Recombinant GH (somatropin) itself is FDA-approved for adult GH deficiency, Turner syndrome, chronic renal insufficiency, and several other conditions [22]. Off-label rhGH for sports recovery is banned by WADA and carries supraphysiologic exposure risks including carpal tunnel syndrome, edema, and insulin resistance [23]. CJC-1295's theoretical advantage is a more physiologic pulsatile GH release pattern, since it stimulates the pituitary rather than replacing GH directly. Whether this translates into a better safety or efficacy profile remains unproven.

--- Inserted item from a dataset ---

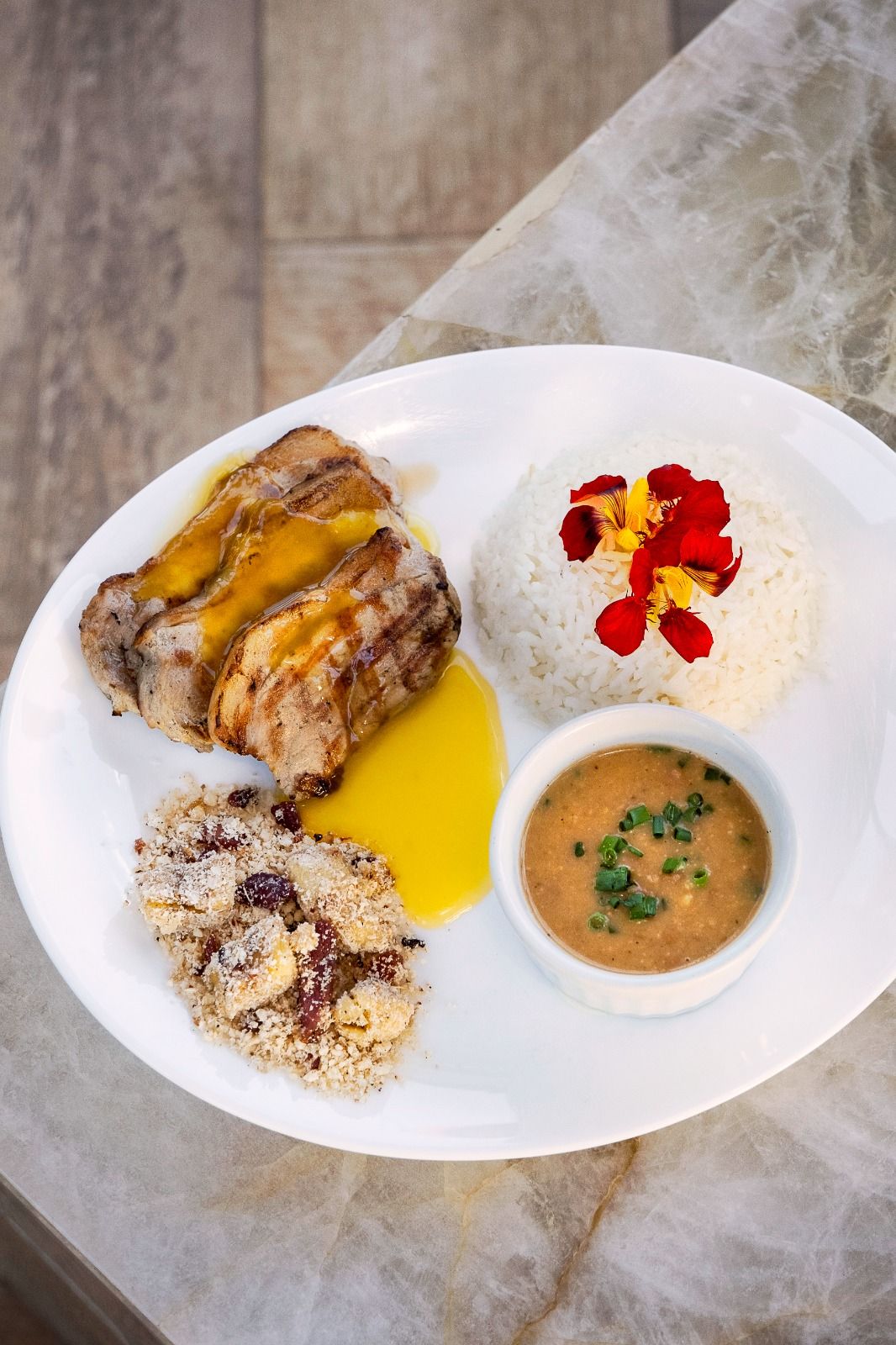 Picanha Suína ao Molho de Laranja acompanhada de Arroz Branco, Tutu de Feijão e Farofa de Banana.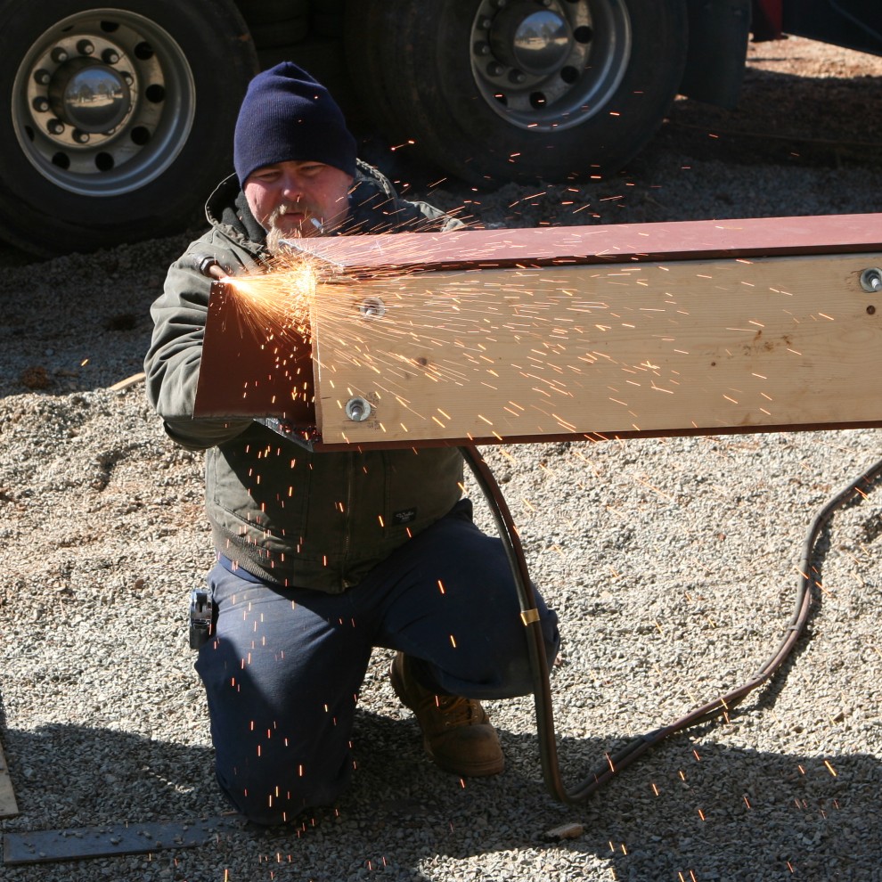 “That’s 500 lbs!” somebody yelled as the sawhorse’s beam split in half. Actually the beam weighed closer to 1,000 lbs, but who’s counting?

Sermorelin, another GHRH analog (GRF 1-29 without amino acid substitutions), was previously FDA-approved for diagnostic use and pediatric GH deficiency but was withdrawn from the market for commercial reasons, not safety [24]. It shares CJC-1295's mechanism but has a shorter half-life (10 to 20 minutes) and weaker receptor binding affinity.

Safety Profile and Risks

Short-term adverse events in the Teichman et al. trial included injection-site erythema (10 to 25% of subjects), transient flushing, diarrhea, and headache [2]. Dose-proportional injection-site induration was the most common local reaction with the DAC formulation.

The single death in the unpublished CJC-1295 DAC trial introduces uncertainty that cannot be dismissed. Without a published autopsy or causality analysis, the event remains unexplained [16]. Practitioners using the non-DAC peptide (mod-GRF 1-29) argue that its brief half-life limits cumulative GH exposure and reduces risk, but this is a theoretical distinction without comparative safety data.

Chronic GH elevation, regardless of the stimulus, carries metabolic consequences. The Endocrine Society warns that supraphysiologic IGF-1 levels are associated with increased colorectal and prostate cancer risk in epidemiologic studies, though a causal relationship is not established [18]. Patients using CJC-1295 long-term (beyond 12 weeks) should have IGF-1, fasting glucose, and hemoglobin A1c monitored at minimum [18]. Joint stiffness, water retention, and new-onset carpal tunnel symptoms should prompt dose reduction or discontinuation.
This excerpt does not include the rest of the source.